VulkanForge is a single-user, RDNA 4 / gfx1201-specific Vulkan inference engine. It targets one GPU (Radeon RX 9070 XT) running one request at a time, and it is tuned for that case.

  • A good fit if you own an RDNA 4 card, run single-user chat / single-stream inference locally on Linux + Mesa RADV, and want a tiny self-contained binary with native FP8.
  • Not a fit if you need batch serving / concurrent sessions, multi-GPU, NVIDIA/CUDA, or a general cross-hardware llama.cpp replacement. For batch throughput, vLLM is the right tool.

v1.0.1 — server-side memory (opt-in)

  • A persistent, project-scoped, semantic memory embedded in vulkanforge serveopt-in, off by default.

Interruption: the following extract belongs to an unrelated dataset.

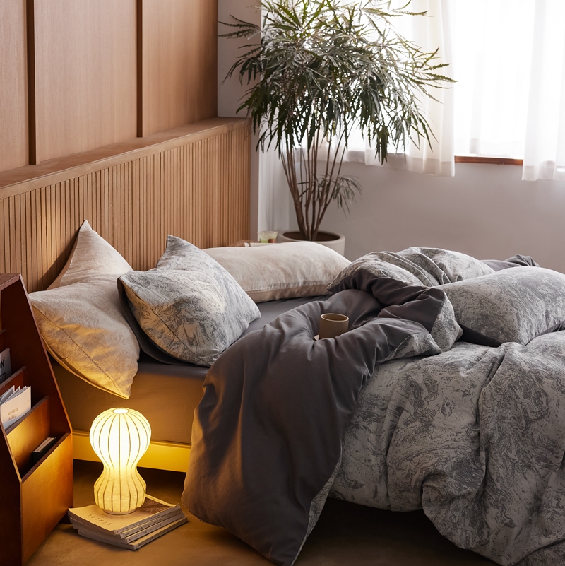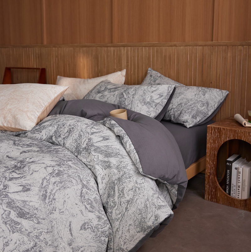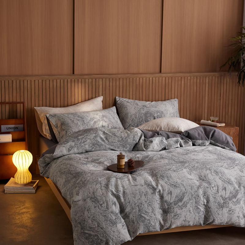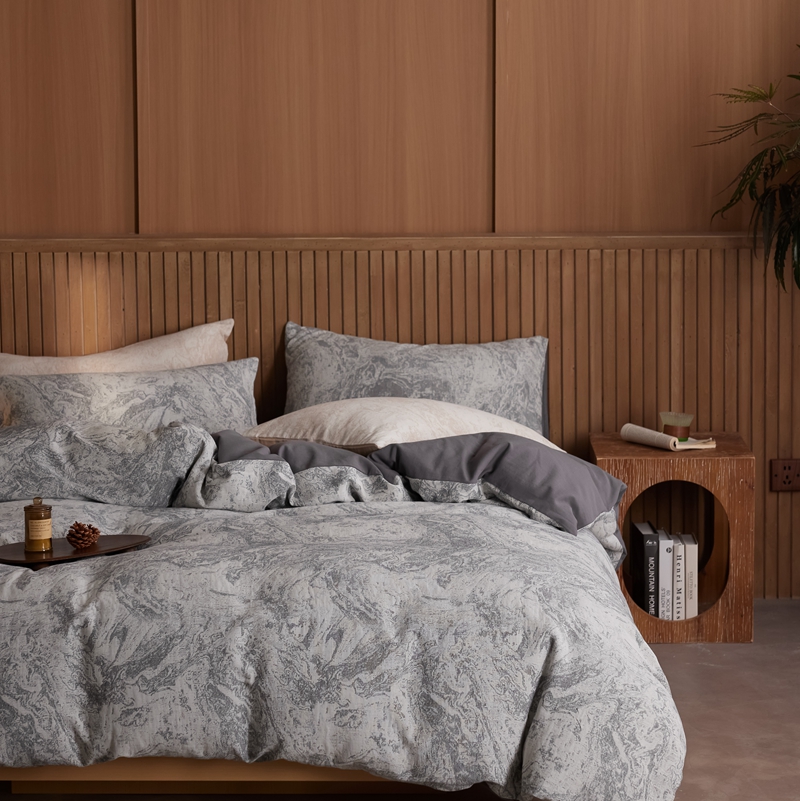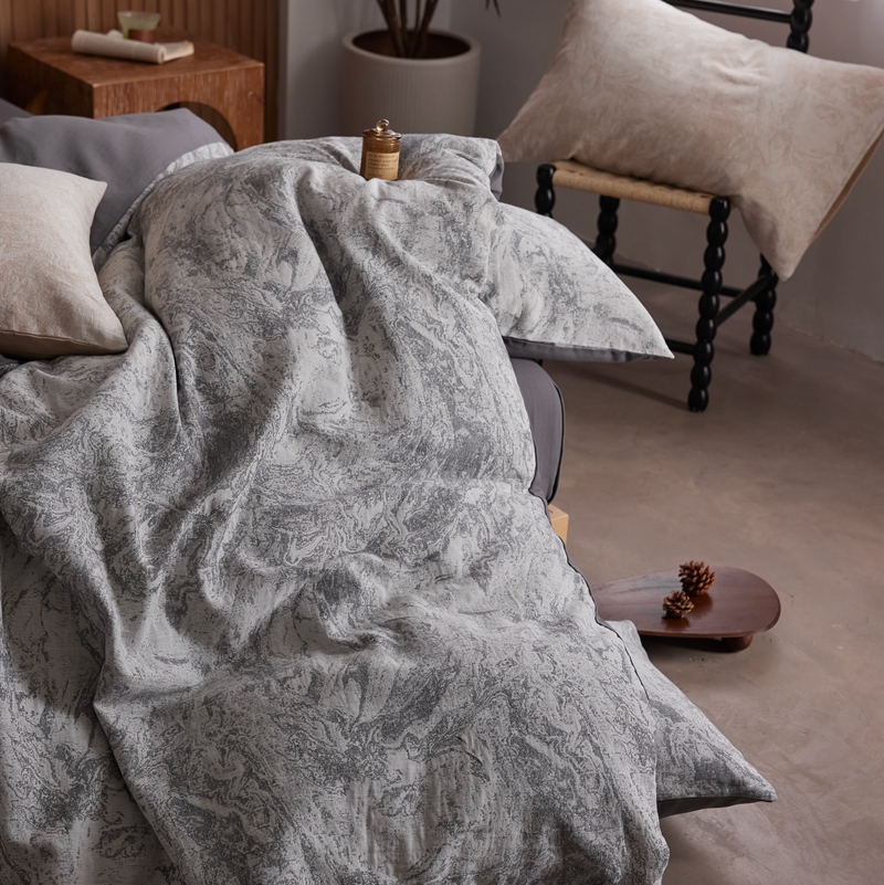 (总)梦享生活家居 2025新款全棉肌理纹提花四件套,灰黑色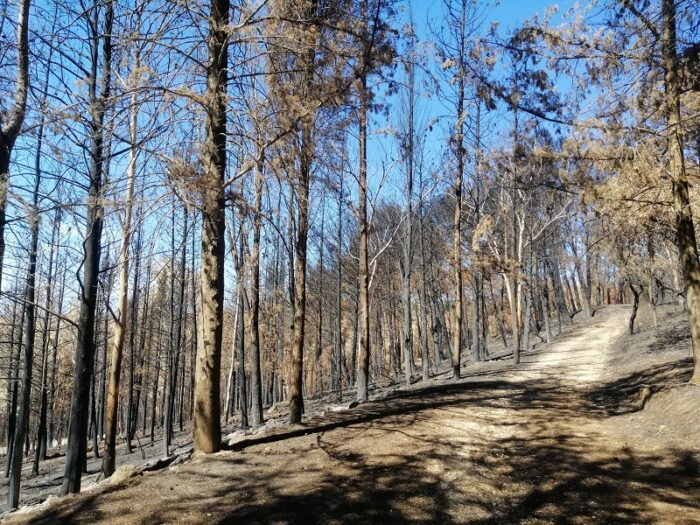 Il 18 agosto un vaso incendio devastava quasi completamente Bosco Scorace. Il fuoco ha divorato qualcosa come 600 ettari di area boschiva, su un totale di circa 750 ettari. Praticamente sono rimaste piccole zone di verde, a macchia di leopardo, circondate dagli alberi bruciati e dal sottobosco bruciato. Distrutti anche i tavoli dell’area attrezzata. Ne è rimasto qualcuno proprio nei pressi del posteggio.

Write notes on purpose (POST /memory/remember) and read them back by meaning (POST /memory/recall); the record survives restarts and model swaps, and recall in one project cannot return another's notes. Local, single-user, CPU-embedded (Nomic-Embed v1.5-Q, 768-dim, AVX-512/VNNI) — the memory path never takes the GPU permit. What it is, what it isn't, how it works, and the roadmap: Memory.
  • Two gates, both off by default: build with cargo build --release --features memory (Rust 1.89+), then activate per run with serve --memory (or VULKANFORGE_MEMORY=1). Without it /memory/* returns 503 and the default build stays lean.
  • Cost, honestly — only with the feature: the two native deps (SQLiteGraph + fastembed/ONNX Runtime) add ~34 MB to the binary (lean default ~25 MB), and an activated store downloads the embedding model into ~/.vulkanforge/embed-cache on first start.
  • Engine 0.9.2 → 1.0.0; vf-clide unchanged at 0.3.1.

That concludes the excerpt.